平成15年(2003年)5月に制定され、平成17年(2005年)4月に全面施行されました。
行政や医療、ビジネスといった分野では氏名や性別、生年月日、住所などの情報をサービスの向上や業務の効率化のために活用する場合があります。
個人情報の利用は年々ニーズが高まっていますが、その際、個人の権利が侵害されないよう法律でルールを定めているのです。
どの情報が「個人情報」なのか
個人情報とは、生存する個人に関する情報で、以下のものが対象です。
- 氏名
- 生年月日
- 住所
- 顔写真などの個人を判断できる情報
これらのほかに、特定の個人を安易に識別できる情報も含まれます。
また、ユーザー名やドメイン名から個人を識別できるメールアドレスも単体で個人情報に該当します。
プライバシーとはどう違うのか
個人情報と似た言葉で「プライバシー」があり、区別することなく使用している方も多いですが、厳密にいえば意味は異なります。
プライバシーは「他人から干渉されない権利」で個人の秘密のことであるのに対し、個人情報は「個人を識別できる情報」です。
個人情報保護法は、企業や団体の個人情報を法の元で取り扱いますが、これらはプライバシーの保護を目的としているわけではありません。
しかし、法律を守りながら個人情報の取り扱いを行うことで、結果的にはプライバシーの保護にもつながっています。
探偵は個人情報保護法を守りながらどこまで調べられる?
探偵は個人情報保護法を守ることを前提で調査を行っています。
ただし、ルールを破ってしまった場合、損害賠償の請求や行政処分といったリスクがあるため注意が必要です。
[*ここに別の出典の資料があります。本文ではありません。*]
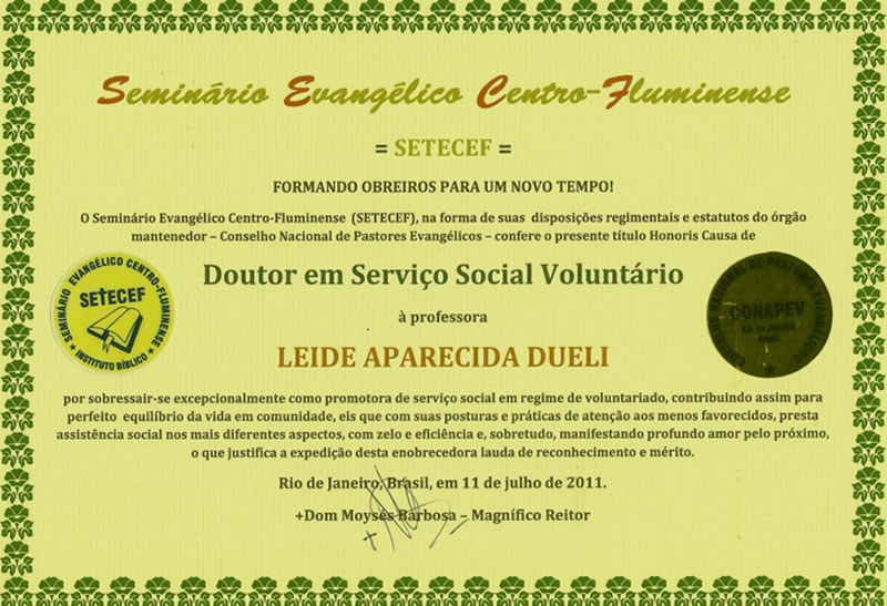 The Diplomações have been issued by the Evangelical Seminary Central-Fluminense, agency maintained by the Council and what is the Rector +Don Moyses Barbosa, who signed the certificates.
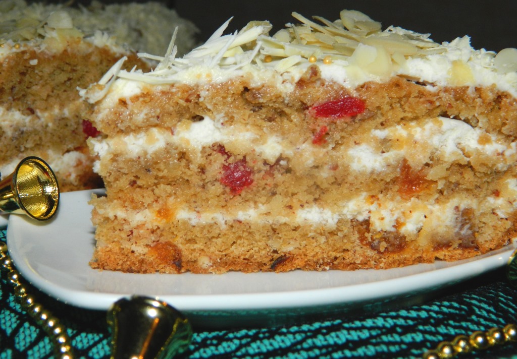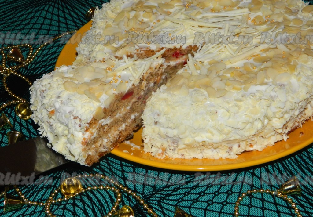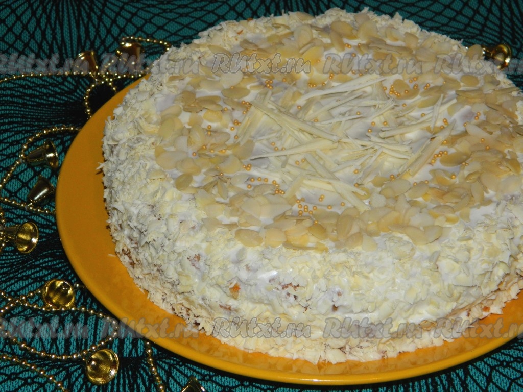 Готовый новогодний торт украшаем белым шоколадом, миндальными лепестками и убираем на несколько часов в холод для пропитки!
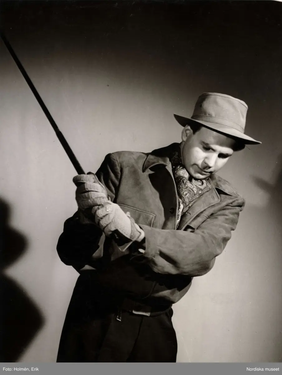 Man iklädd mockajacka och hatt, med golfklubba. Nordiska Kompaniet.
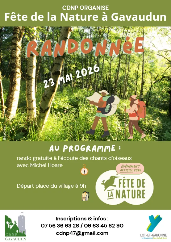 Accueil Édition 2026 A l'écoute des chants d'oiseaux Labellisé A l'écoute des chants d'oiseaux Type d'événement Balade ou randonnée guidée Milieu concerné Forêt Tous publics Gratuit Randonnée avec Michel Hoare "A l'écoute des chants d'oiseaux" Programme Randonnée en matinée Le 23 mai 2026, de 9h00 à 12h00 Randonnée d'environ 7km, guidée par Michel Hoare. A la découverte des chants d'oiseaux sur les chemins boisés de Gavaudun. Localisation Galerie d'images Fermer Événements à proximité
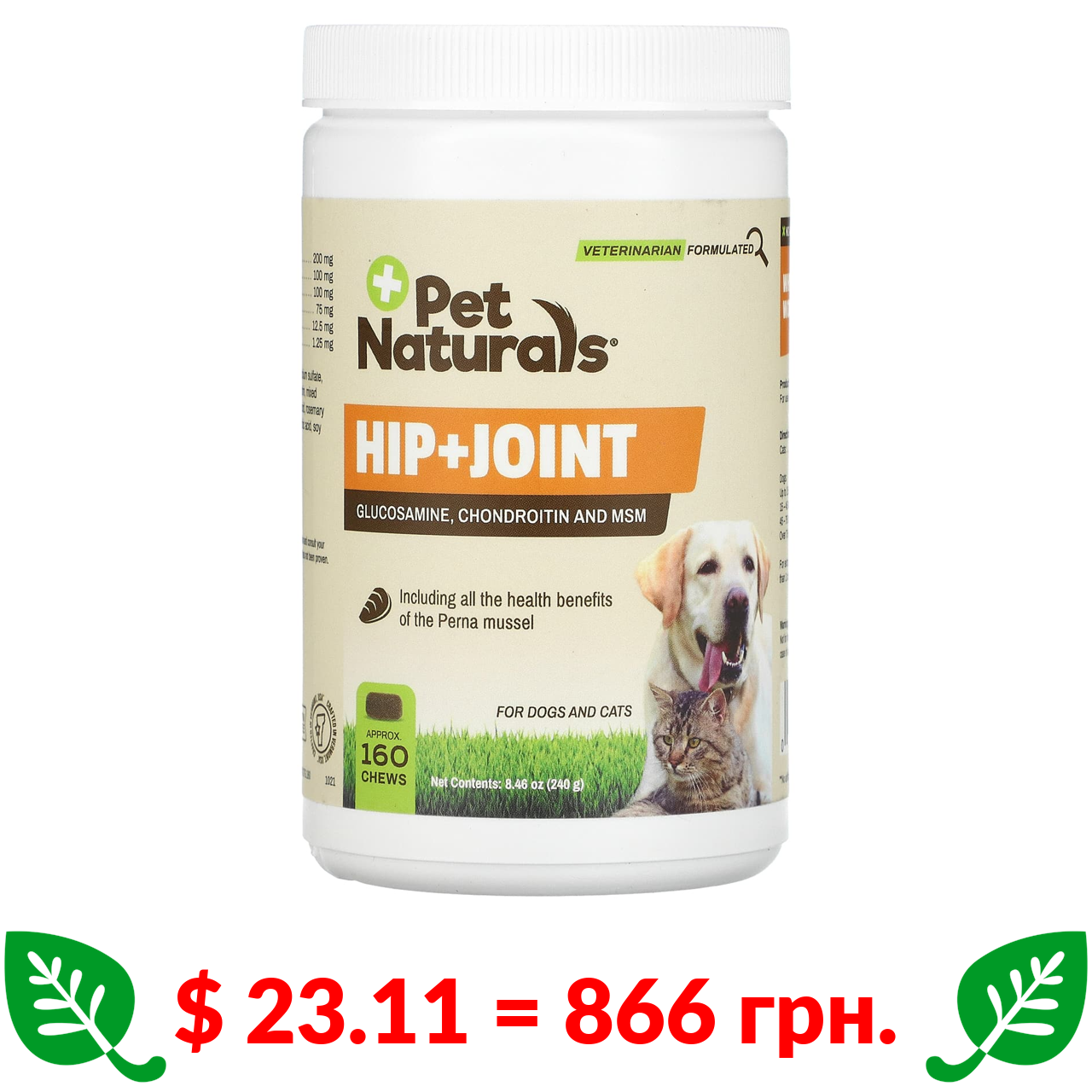 $ 23.11 = 866 грн. Pet Naturals, Hip + Joint, For Dogs and Cats, Approx. 160 Chews, 8.46 oz (240 g)

探偵が合法的に個人情報について調査する場合のポイントをご紹介します。
探偵は「探偵業法」により調査が認められている
探偵が行う調査は「探偵業法」により、合法と認められています。
探偵業法は「依頼人から依頼を受け、尾行・張り込みといった方法を用いて調査対象者を調べ、結果を報告することが探偵業務」と記載されており、これらのルールの中で調査が可能です。
探偵業法として調査するには、原則として探偵業者としての届出が必要です。
探偵は個人情報を洩らさない守秘義務が求められる
探偵が調査を行う際も、法の元に調査を行う必要があります。
弁護士や医師、公務員などに守秘義務が課せられているのと同様、探偵にも個人情報を漏らさない守秘義務が求められます。
これら守秘義務には探偵として現役で調査したときだけでなく、退職したあとも継続して適応されるため注意が必要です。
また、パートやアルバイトといった事務所に関わるスタッフ全従業員にも適応され、違反した場合は罰則の対象となります。
探偵が行える3つの調査方法
探偵は、探偵業法という法律により調査業務が行えますが、正式に認められている調査方法は次の3つです。
- 聞き込み
- 張り込み
- 尾行
それぞれ詳しく解説します。
聞き込み
「聞き込み」は調査対象者の関係者や周辺人物について尋ねて必要な情報を聞き出す調査です。
聞き込みを入念に行うと、調査対象者がよく行く場所や日頃の過ごし方、関係者との関係性など地道な作業からさまざまな情報を獲得できます。
調査対象者の友達や仕事関係者といった周囲の人から情報を聞き出すことは探偵として許可されている業務です。
ただし、情報提供者のプライバシーを尊重し、必要のない個人情報を収集しないことや提供された情報の信憑性を照らし合わせる作業も大切です。
張り込み
「張り込み」は調査対象者の居場所をある程度特定し、付近で待機または動きがあるまで監視する調査です。
調査対象者の行動パターンがはっきりわかっていない場合、タイミングや予測がしにくいため調査が何時間にも及ぶ可能性があります。
忍耐力や精神力なだけでなく、対象者に気付かれないよう慎重な調査が求められます。
また、対象者のプライバシーを侵害しないよう、とくに公共の場所などでの調査には細心の注意が必要です。
尾行
「尾行」は調査対象者を徒歩や車両などを使用し追跡する方法です。
尾行調査では、調査対象者が「どこで誰と何をしていたか」が把握できますが、調査対象者に気付かれないよう慎重に行わないといけないため、技術と経験が必要です。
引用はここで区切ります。